Thursday, January 21, 2010

Review: Carl Phillips's Latest

A few years ago, I wrote that Carl Phillips is the best writer of unrhymed tercets in the contemporary American poetry scene. I also said that wasn’t faint praise. I’ll stand by both of those assertions now, on the basis of “The River in Motion and Stillness,” in Phillips’s latest volume (FSG 2009). Also on display here is Phillips’s penchant for long sentences broken over lines and caesurae:

As if with the satisfaction of a near-impossible task
brought finally, and with no little struggling, to absolute
accomplishment, he lifts his ruined face up from beside

the other’s face, just as ruined, despite the sun being at that
angle that makes what ordinarily gets taken for flaw
very briefly what it also is: a loveliness, and something

strange, original . . .

The ellipses are in the poem, and, like the self-interrupting course of the sentence, they suggest the unending character of the experiences and perceptions Phillips recounts. Part of what makes Phillips so rewarding to read is precisely this tension between interruption and continuity, a tension held not only by the suspensions of sense over those syntactic and stanzaic breaks but also by the interplay of sounds. Listen to the simultaneous variety and insistence of “a” sounds in that sentence, the short “a” of “As,” “satisfaction,” “task,” “and,” “absolute,” continuing through the second stanza even as Phillips shifs to the long vowel of “face” (twice) and “taken,” “angle” and “strange.” There’s a similar alternation or interweaving of sibilants and fricatives, the hissing whisper of the lines providing a sinuous soundtrack over the modifying and qualifying phrases. The lines and their music perform what the poem’s title promises, motion and stillness.

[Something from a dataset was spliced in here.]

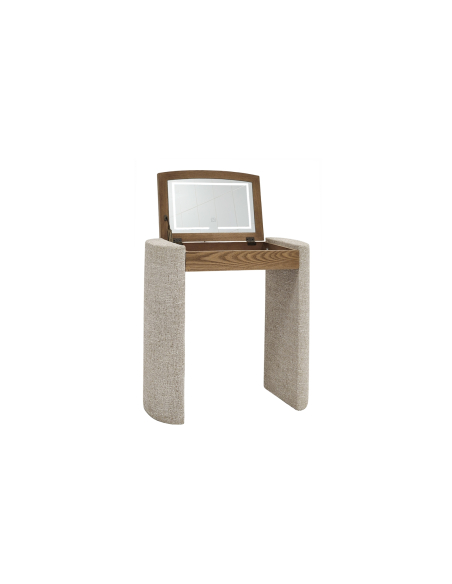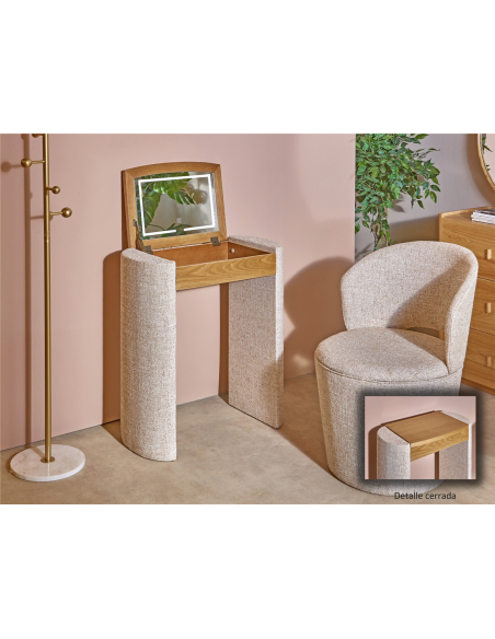 Tocador espejo led patas tapizadas class beige, compacto con tapa abatible que integra espejo con iluminación LED (22 lúmenes, transformador 5V), perfecto para maquillaje y rutinas de cuidado. Las patas tapizadas en tejido beige aportan un gesto decorativo suave y actual, mientras el interior ofrece un hueco organizado de 45×30×8 cm para guardar cosméticos y accesorios. Su formato estrecho permite colocarlo en dormitorios, vestidores o incluso en la zona de baño si cuentas con un rincón libre. La combinación de tapa de madera y tapicería lo convierte en una pieza ligera que suma calidez sin recargar, ideal para proyectos nórdicos o mediterráneos.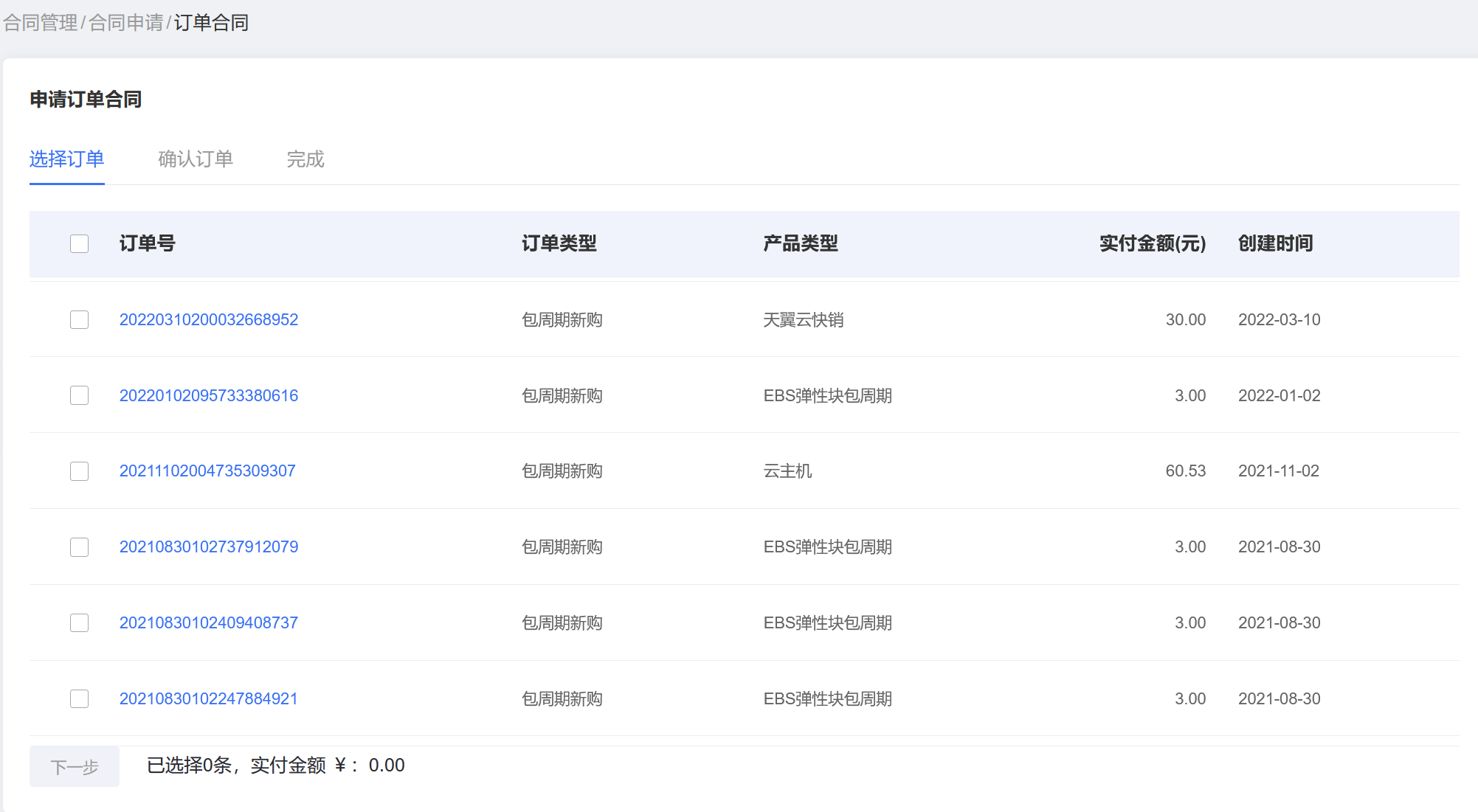 為已購的包年、包月資源申請線上合同。選擇需申請線上合同的訂單后,單擊“下一步”。現支持選擇多筆訂單生成一份合同。

Most of the poems in Speak Low are not in unrhymed tercets, but there are plenty of other elements that link the book to the poet’s previous nine (nine!) collections. Phillips was trained as a classicist, and this volume, like his other books, refers often to classical myths, histories, and texts (“Late Empire,” “The Plains of Troy,” “The Centaur,” “Fair Is Whatever the Gods Call Fair,” “Reciprocity”). These references suggest analogies between the violent emotions and actions of the old world and life and love today, but it’s hard to tell which is the tenor and which the vehicle, which of these we’re being led to understand in light of the other. “Happiness” meditates on the tears not of Achilles but of his horses at the death of Patroclus and imagines the beasts “hovering around their disbelief . . . as a bee will hover, // fooled at first, over freshly spilled semen,” the shift from past to present tense (and the context of the volume’s other poems on lovers and their discontents) locating the simile in today. The comparison’s ostensible aim is to illuminate those horses, but it’s contemporary weepers we really learn something about, just as in “Naming the Stars” Helen in the Iliad says something applicable not only (and not, for the poem’s purposes, chiefly) to the role of defilement in Homer’s world but also to the part it plays in ours.

Defilement; there’s another continuity with Phillips’s earlier work. This poet, more than any other living poet I can think of (and in company with such immortals as Catullus, Shakespeare, and Thom Gunn), forcibly holds our faces to the violence inherent in what we call (to make ourselves feel better? more human(e)?) love.
There is pain in these poems, there is torture, and these are inextricable from, are, maybe, constitutive of, desire. The speaker of “Now in Our Most Ordinary Voices” characterizes himself with references to sentences he’s “spouted” (“To know is to live flayed and Ambition / means turning the flesh repeatedly back – toward the whip”), as if to distance himself from these statements, but “Late Empire” and “Early Dreamer” and half a dozen other poems here seem still to proffer without apology similar sentiments.

So that it’s a relief, not because I doubt or disagree with Phillips’s intrication of love and torture (quite the contrary), and not because there is no pleasure in the pain he so tautly strings across the poems’ staves (there’s plenty of that), but because even after an enthralling storm, a compelling thriller, or a strenuously orgasmic bout of sexual combat the mind and heart and body seek rest and quiet, a return to equilibrium, to come to the book’s penultimate poem, “Husk,” which turns the volume down and reels the lines back in (“a wordlessness prevailing the way / a wind prevails”) and resigns itself, allowing us to resign ourselves in turn, with its concluding line: “So what, that we’re falling?” Falling, and fallenness too, have rarely fared as well as they do in Phillips’s classical handling, his careful hands.